Śmigłowce Apache dla Polski. Szef MON o podpisaniu umowy

  • 25.02.2025 18:46

  • Aktualizacja: 18:35 25.02.2025

Najprawdopodobniej w czwartek w Inowrocławiu podpisana zostanie umowa leasingowa na 8 amerykańskich śmigłowców AH-64E Apache. Poinformował o tym we wtorek wicepremier, szef MON Władysław Kosiniak-Kamysz. Chodzi o tzw. rozwiązanie pomostowe przed dostawą 96 nowych maszyn.

Umowa na leasing 8 śmigłowców Apache związana jest z podpisanym w sierpniu ub.r. kontraktem na zakup 96 tego typu maszyn dla Wojska Polskiego. W ramach umowy wartej ok. 10 mld dolarów Polska ma otrzymać niemal setkę nowoczesnych śmigłowców wraz z pakietem logistycznym oraz szkoleniowych. Pierwsze z nowych Apache'y trafią jednak do Polski dopiero w 2028 roku.

Jeżeli wszystko pójdzie dobrze, chyba w czwartek w Inowrocławiu się spotkamy i będę miał zaszczyt podpisać umowę – powiedział Kosiniak-Kamysz na wtorkowej konferencji prasowej. Dodał, że śmigłowce zmienią miejsce i pozycję polskiej armii na arenie międzynarodowej.

Szef MON powiedział, że o umowie rozmawiał z sekretarzem obrony USA Petem Hegsethem w połowie lutego, kiedy spotkali się z polskimi i amerykańskimi żołnierzami na terenie 33. Bazy Lotnictwa Transportowego w Powidzu i już wtedy była mowa o ośmiu śmigłowcach Apache, które „powinny być wyleasingowane w ramach nabywania zdolności dla pilotów”. Jak dodał, chciałby, by piloci mogli zacząć pracę na śmigłowcach jak najszybciej, w celu przygotowania do „ochrony polskiej przestrzeni powietrznej, współdziałania z wojskami lądowymi”.

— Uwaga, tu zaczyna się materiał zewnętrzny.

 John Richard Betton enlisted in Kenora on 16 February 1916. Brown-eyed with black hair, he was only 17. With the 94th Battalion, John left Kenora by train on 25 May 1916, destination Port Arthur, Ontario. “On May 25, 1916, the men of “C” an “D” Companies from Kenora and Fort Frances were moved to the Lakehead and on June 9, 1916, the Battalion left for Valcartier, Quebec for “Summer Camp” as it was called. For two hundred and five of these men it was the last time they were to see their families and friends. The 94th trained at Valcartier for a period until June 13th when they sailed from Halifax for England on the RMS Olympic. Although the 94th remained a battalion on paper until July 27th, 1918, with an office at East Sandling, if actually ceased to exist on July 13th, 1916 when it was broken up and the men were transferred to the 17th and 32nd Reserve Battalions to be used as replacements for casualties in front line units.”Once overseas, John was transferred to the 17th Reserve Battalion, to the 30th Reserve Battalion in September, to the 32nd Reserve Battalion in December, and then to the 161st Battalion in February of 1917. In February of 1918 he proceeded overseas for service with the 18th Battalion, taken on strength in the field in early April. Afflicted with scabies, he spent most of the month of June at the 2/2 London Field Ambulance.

Minister obrony zaznaczył, że produkcja zamówionego w USA sprzętu może trwać bardzo długo, choć – jak zaznaczył – Polska „i tak jest traktowana priorytetowo w wielu kwestiach z racji swojego zaangażowania i miejsca na mapie, które zobowiązuje nas do szybkich zmian w tym zakresie”. Jego zdaniem dla amerykańskich sojuszników Polski, oprócz wysokich inwestycji w obronność, jest istotny także „argument zakupów najlepszego sprzętu, w tym w USA”.

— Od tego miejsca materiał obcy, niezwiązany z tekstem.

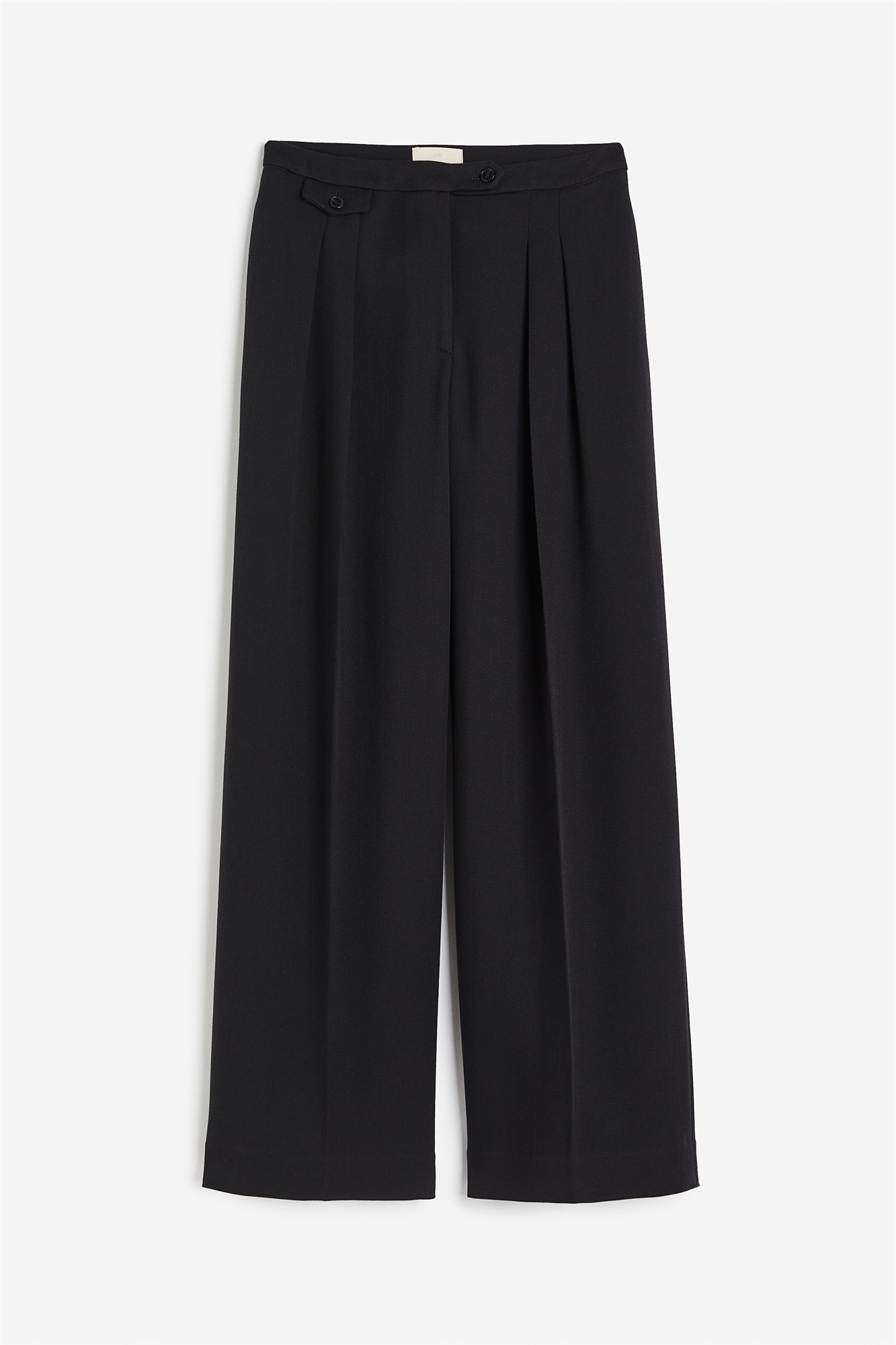 Приталенные брюки из тканого материала из смеси шерсти и лиоцелла. Высокая талия, застежка на молнию и удлиненный пояс с одной видимой и одной потайной пуговицей. Маленький передний карман с клапаном и пуговицей, карманы в боковых швах и накладные задние карманы с пуговицей. Широкие прямые ноги со складками в верхней части и складками спереди и сзади.

– To są czołgi Abrams, to jest F-35, to są systemy Patriot, wyrzutnie HIMARS czy umowa, którą podpisaliśmy w ubiegłym roku przed świętem Wojska Polskiego na 96 Apache'y i w ramach tej umowy my chcemy te zdolności jak najszybciej pozyskać – zaznaczył.

Rozwiązanie pomostowe

Obecnie, jeśli chodzi o śmigłowce szturmowe, Polska dysponuje kilkunastoma przestarzałymi poradzieckimi Mi-24. Kilkanaście zostało także przekazanych Ukrainie. Leasing ośmiu śmigłowców ma stanowić tzw. rozwiązanie pomostowe – czyli zapobieżenie sytuacji, w której stary sprzęt zostanie wycofany z użycia, a nowy nie zostanie jeszcze wdrożony.

Ponadto wcześniejszy leasing Apache'y pozwoli polskim pilotom i technikom na dużo wcześniejsze rozpoczęcie szkoleń i nauki obsługi nowego sprzętu. To ma kluczowe znaczenie w obliczu wyzwania, jakim jest wyszkolenie odpowiedniej liczby załóg i obsługi dla 96 maszyn, czyli kilkukrotnie większej liczby niż do tej pory w Wojsku Polskim.

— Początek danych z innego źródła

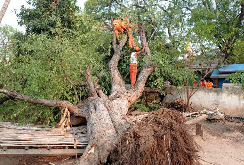 အဆိုပါမန်ကျည်းပင်လဲကျရာသို့ ညောင်ဦးမြို့နယ် မီးသတ်ဦးစီးမှူးဦကျော်မင်းသူနှင့်မီးသတ် ဝန်ထမ်းများ၊ အရန်မီးသတ်တပ်ဖွဲ့ဝင်များသည် ကျောင်းဝင်းအုတ်တံတိုင်းပေါ်နှင့် ဓာတ်အားလိုင်းပေါ်သို့ပိနေသည့် မန်ကျည်းပင်အား ဝိုင်းဝန်းရှင်းလင်းလျက်ရှိကြောင်း သိရသည်။ အဆိုပါ မန်ကျည်းပင်သည် ပင်စည်လုံးပတ် ၁၀ပေပတ်လည်ခန့်၊အမြင့် ပေ ၄၀ ခန့်ရှိပြီး နှစ်သက်တမ်း ၆၀ခန့်ရှိ မန်ကျည်းပင်ကြီးဖြစ်ကြောင်း၊မန်ကျည်းပင်လဲကျမှု ဖြစ်စဉ်ကြောင့် အဆောက်အဦ၊ လူနှင့်တိရစ္ဆာန်များ ထိခိုက်မှုတစုံတစ်ရာမရှိကြောင်းသိရပြီး မြို့နယ်မီးသတ်ဦးစီးမှူး ဦးကျော် မင်းသူ၊ ဦးဆောင်သော မီးသတ်တပ်ဖွဲ့ဝင်(၆)ဦး၊အ ထောက်အကူပြုယာဉ်(၁)စီး၊ အမှတ်(၅) အရန်မီးသတ်တပ်ဖွဲ့မှ တပ်ဖွဲ့ဝင်(၇)ဦးတို့ဖြင့် မြေလှန်လဲကျနေသည့် မန်ကျည်းပင်အား ရှင်းလင်းခဲ့ကြောင်း သိရသည်။

Mają zadanie wspierać wojsko na ziemi

Zakup 96 śmigłowców szturmowych AH-64E Apache w wersji Guardian zapowiedział w 2022 r. ówczesny szef MON Mariusz Błaszczak. W sierpniu 2024 r. podpisano umowy offsetowe z koncernami Boeing i General Electric, przewidujące m.in. serwis i remontowanie niektórych części śmigłowców w polskich zakładach.

Produkowane przez Boeinga AH-64E Apache to podstawowe śmigłowce szturmowe używane od lat 80. XX w. przez armię amerykańską. Od czasu ich wdrożenia są nieustannie modernizowane. Ich zadaniem jest przede wszystkim wsparcie wojska na ziemi – np. sił pancernych – poprzez niszczenie naziemnych celów przeciwnika za pomocą szerokiej gamy uzbrojenia, w tym działka automatycznego M230 i rakiet powietrze-ziemia Hellfire. 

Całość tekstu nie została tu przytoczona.